„Needful Things“
Still lifes – for centuries artists and viewers alike have been fascinated by them: arrangements of flowers, fruits, everyday objects, instruments, dead animals too.
The term originates from the Dutch stil leven (quiet life), and refers to paintings for which inanimate objects are selected and arranged. The history of still life paintings dates back to the ancient world. Pliny reports that the painter Zeuxis painted grapes so deceptively that birds flew in to peck from them. Still lifes reached their heyday in the 17th century in the Netherlands; Holland was a world trading power at the time, and merchants wanted to use the precious paintings to illustrate their social status. The still life established itself as an independent genre, for example as vanitas displaying symbols of perishability (decay, overturned or broken objects, skulls).

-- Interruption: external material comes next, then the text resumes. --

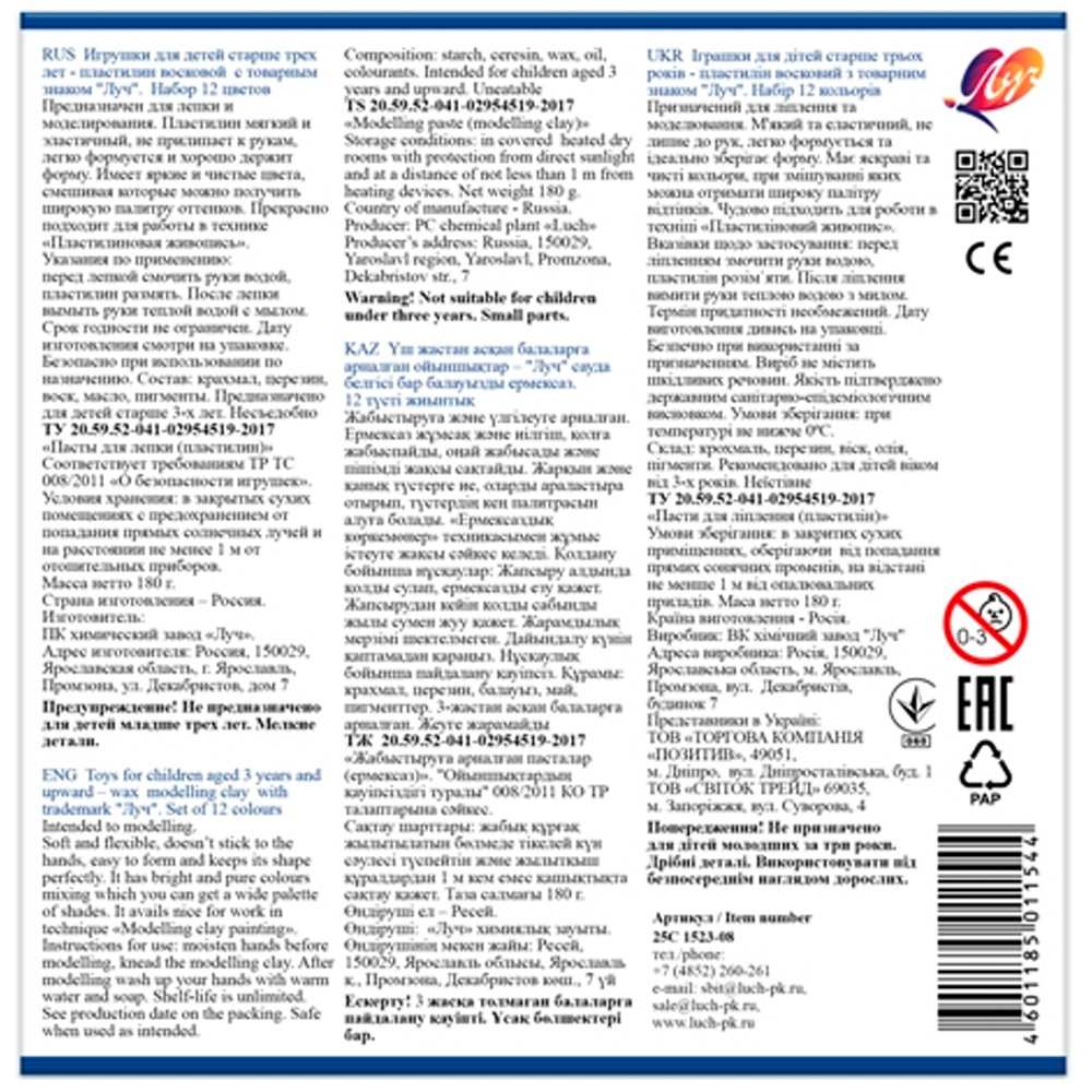 Комплектация: пластилин - 12 цветов, стекМатериал: картон, пластилин

Needful things at Uvxal Gochez Gallery, Barcelona, has gathered 14 international artists who have dealt with still life in different ways.
The initiator of the exhibition is Berlin-based artist Paul Pretzer, whose artistic work is focused on this genre of art. The show is curated both by Katharina Arndt (Berlin, Barcelona) and Pretzer. Walking through the exhibition, it becomes clear that many motifs in this compilation had already been depicted by Baroque painters: flowers, painted porcelain vessels, skulls. However, these are combined with today’s everyday objects.

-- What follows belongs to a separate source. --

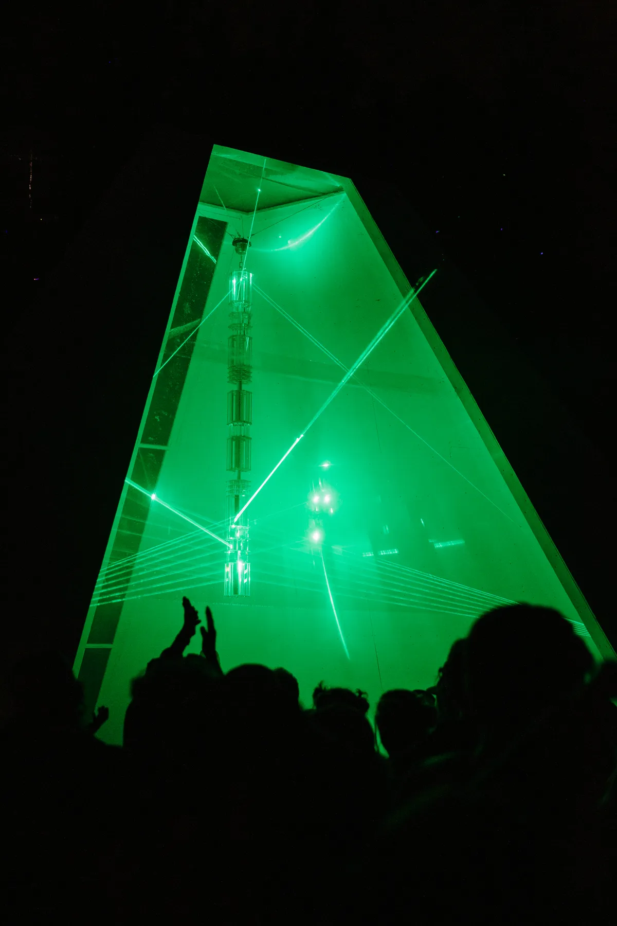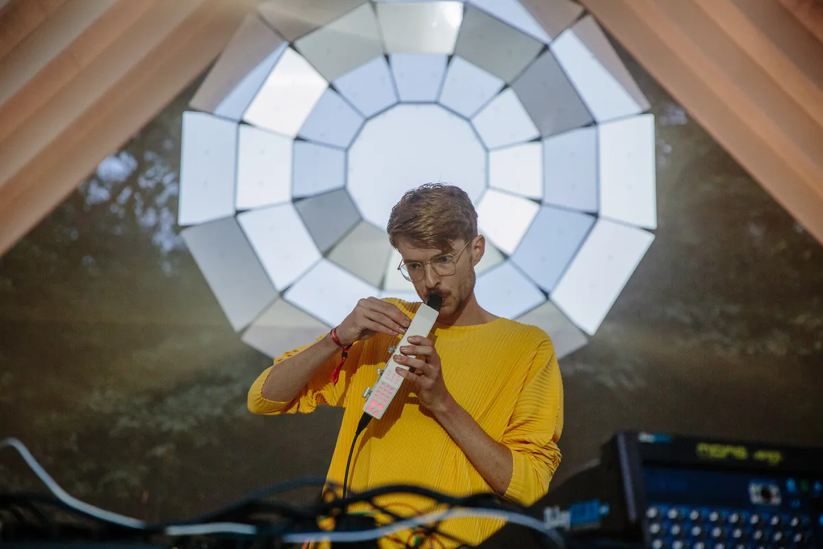 Er zijn ook plekken waar je helemaal niet hóéft te dansen, want Draaimolen focust ook op liveshows en luistersets waar je eventjes mag wegzweven. Koreless verknipt op de tweede Chapel-stage pop-vocalen net zo lang totdat het als modern klassiek klinkt, in dat lichtgevende alienlaboratorium trekt hij ook harpgeluiden uit elkaar en draait hij die euforische Caribou-remix waar de belofte van een kick nooit wordt ingelost. Oceanic primeurt op dezelfde Chapel-stage een liveshow vol materiaal van zijn aanstaande album. Hij heeft een wholesome, improvisorisch vriendenkoor mee (dat niet al te zuiver zingt), en speelt een schitterende schemerset vol melodische opbouwen en een weird blaasinstrument die perfect is voor het vallen van de avond.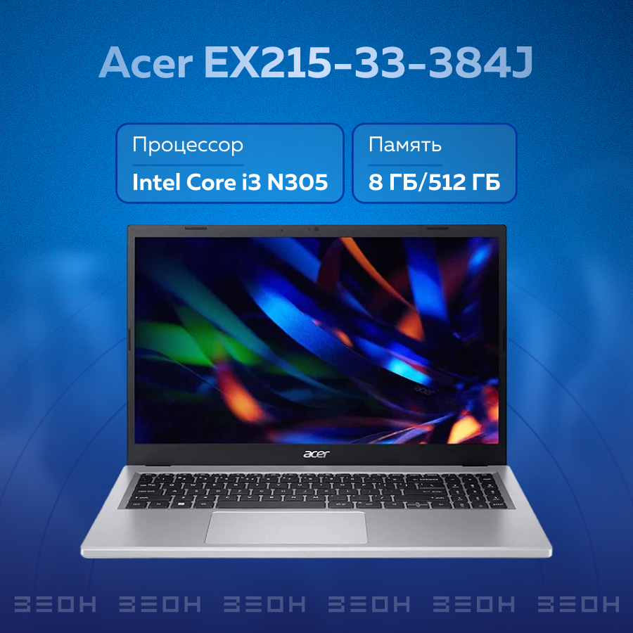 Купить Ноутбук Acer Extensa 15 EX215-33-384J 15.6" FHD IPS/Core i3 N305/8GB/512GB SSD/UHD Graphics/NoOS/RUSKB/серебристый (NX. EH6CD.001)

Arndt has depicted a carrier of beer cans as it is sold on the streets of Barcelona. One dented, empty can lies on the table – a contemporary memento mori.
Sador Weinsčlucker’s painted a hammer next to a shattered bottle of wine.

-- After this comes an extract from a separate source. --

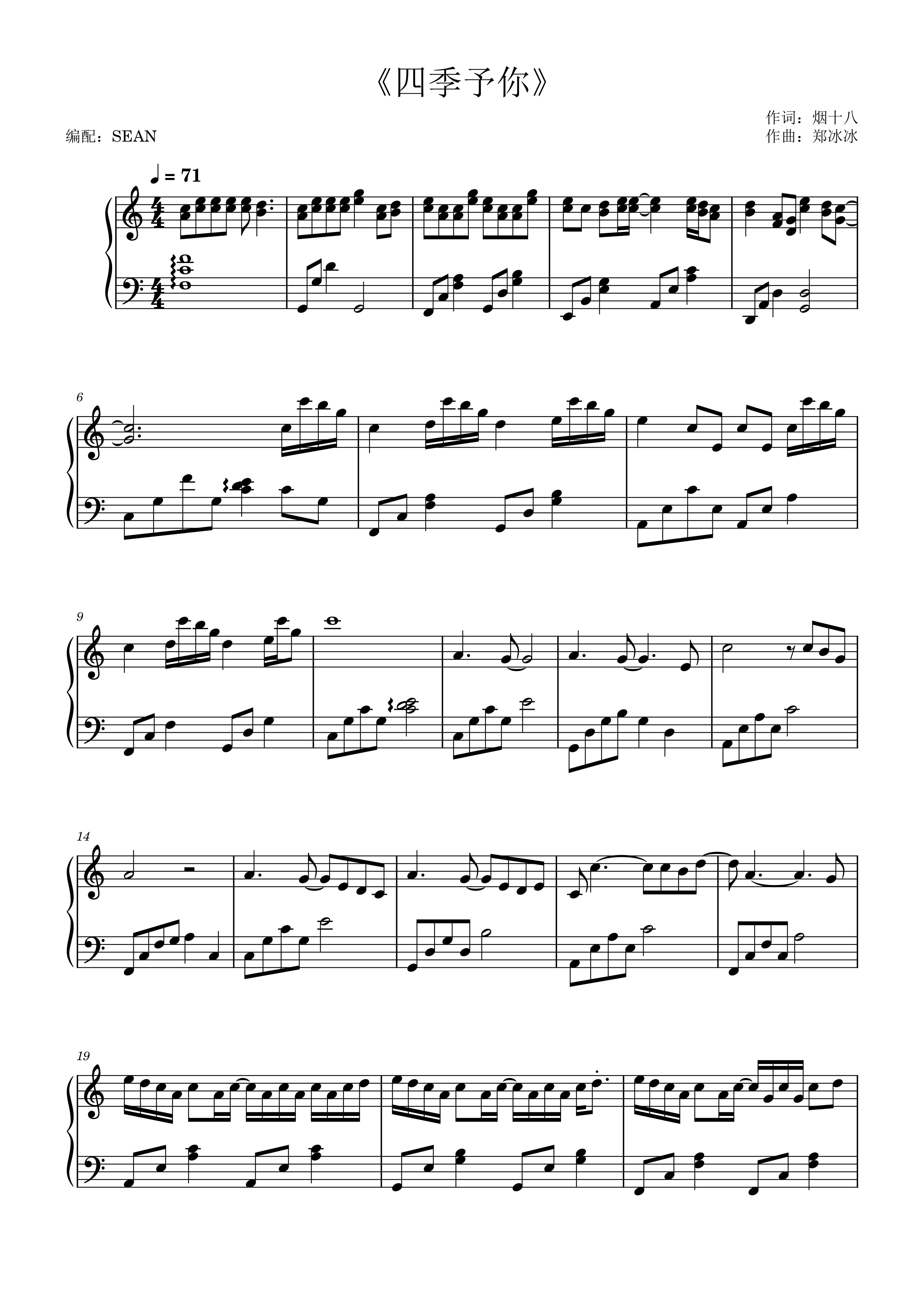 《四季予你》程响-c调 『 sean 编配 』唯美版钢琴谱-虫虫钢琴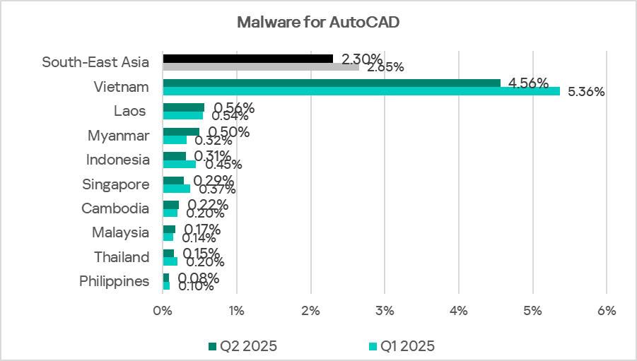 This is mainly due to the situation in Vietnam, which leads the region by a wide margin in terms of threats blocked in network folders, viruses, and malware for AutoCAD.

Paul Pretzer’s still lifes are full of humor. One of his works shows the three Magi, depicted as plastic bottles.
The still life reflects our lifestyles; canned beer has replaced the wine goblet, hip design labels find their place next to tuna cans. The palette of techniques is also broad, ranging from traditional oil paintings to airbrush techniques. In our atheistic society, we lack the promise of paradise. Even the memento mori represented by a skull may no longer shock. The focus is on earthly life, in which we surrounded ourselves with needful things. Those are charged with meanings, they are our promise of salvation.
Arrangements are subject to a-changing times, yet needful things have lost none of their fascination.